The exact cause of PSP is not yet established; the symptoms are caused by the gradual deterioration of brain cells in certain areas, specifically the brain stem. Abnormal tau protein deposits in the nerve cells are the hallmark of the disease. This protein is associated with microtubules, which help the axons transmit information through the nerves. Abnormal protein aggregates in the surrounding cells to form protein clumps, thereby spreading throughout the nervous system. Another possible theory is that of cellular damage by free radicals, which are continuously generated by cells during normal metabolism; these damage other molecules under certain circumstances.
There are no specific laboratory or imaging tests currently available for a definitive PSP diagnosis. It is often misdiagnosed as the symptoms are comparatively rare and similar to other movement disorders, such as Parkinson’s disease. Brain shrinkage may show on magnetic resonance imaging (MRI) scans, and a positron emission tomography (PET) scan may be used to detect early signs that may not appear on the MRI.

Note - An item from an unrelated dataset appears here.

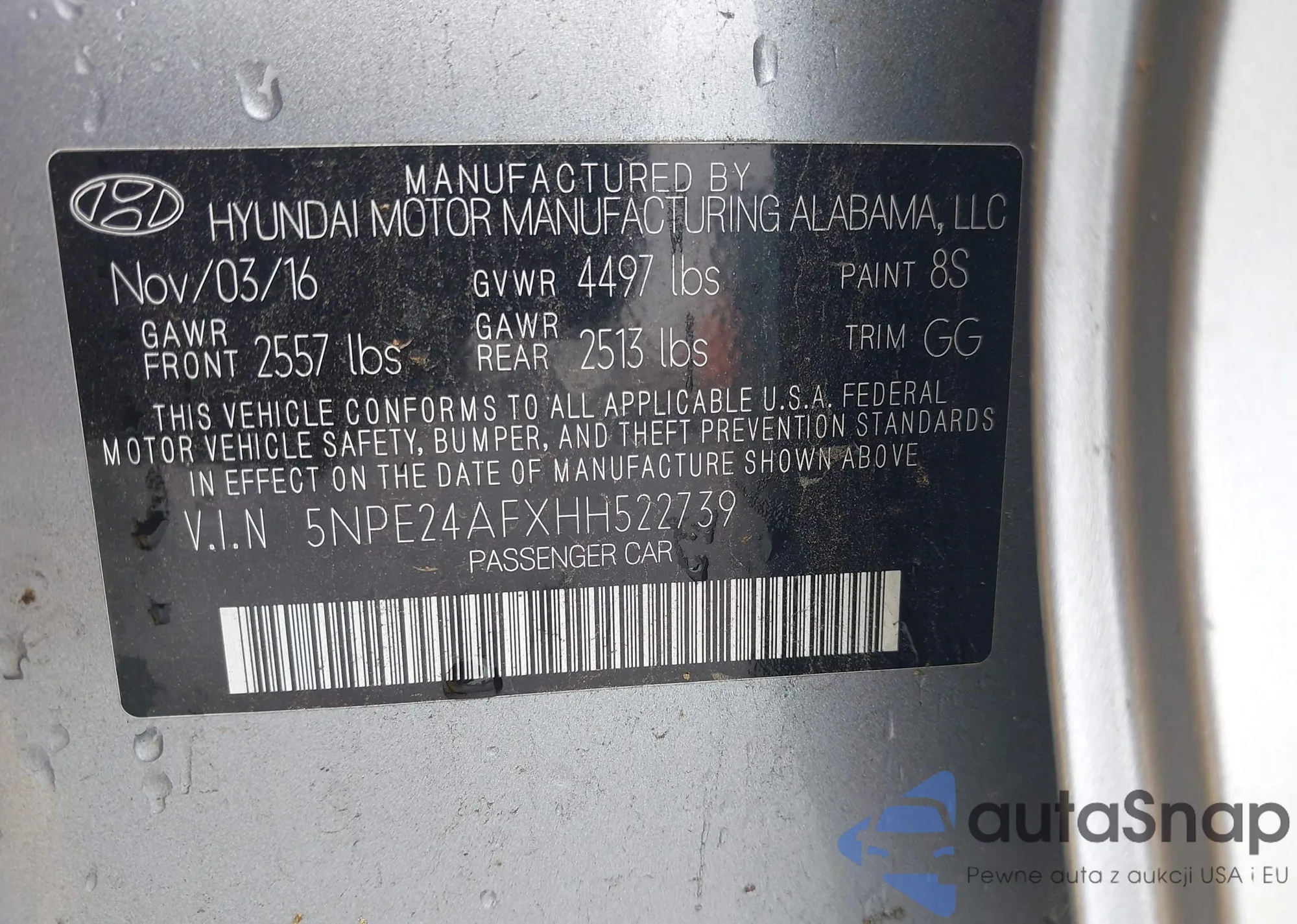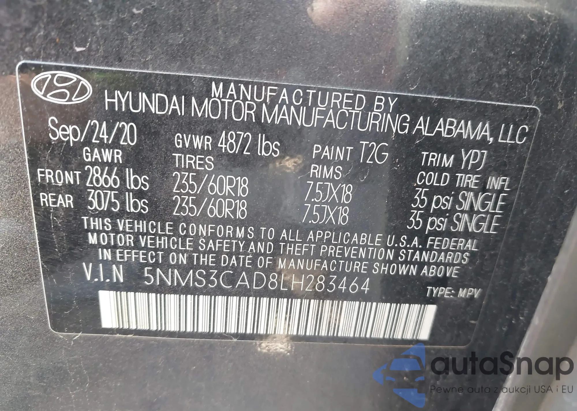 • VIN 5NMS3CAD8LH283464

No medication or surgical procedure is available for PSP currently, and the treatment is done based on the appearance of symptoms. Antiparkinsonian agents such as levodopa help in managing stiffness, slowness, and balance, but the effect is minimal and doesn’t last long. Anti-depressants are also prescribed to control excessive drooling and for pain relief, whereas botulinum injections are used for treating excessive eye closing.
The PSP therapeutics pipeline is witnessing growth due to the receipt of the orphan drug status by several pharmaceutical companies for their under-development drugs. A provision of the U.S. Food and Drug Administration, the Orphan Drug Act grants a special status to a biological product or drug for the treatment of a rare condition upon a sponsor’s request. Certain incentives, such as tax credits, federal grants and a waiver of the filing fees, which is mentioned in the Prescription Drug User Fee Act, are provided under this designation.
One of the drugs in the Progressive Supranuclear Palsy therapeutics pipeline is BIIB092. Being developed by Biogen Inc., it was under the Phase II development stage in November 2017. Also known as BMS-986168, it is a humanized monoclonal antibody, which works by inhibiting the tau protein. It is being developed to be administered through the intravenous route. Bristol-Myers Squibb Company gave the drug licensing rights to Biogen Inc.
Therefore, with the entry of more companies, the pipeline would advance, hopefully finding a definitive treatment for PSP.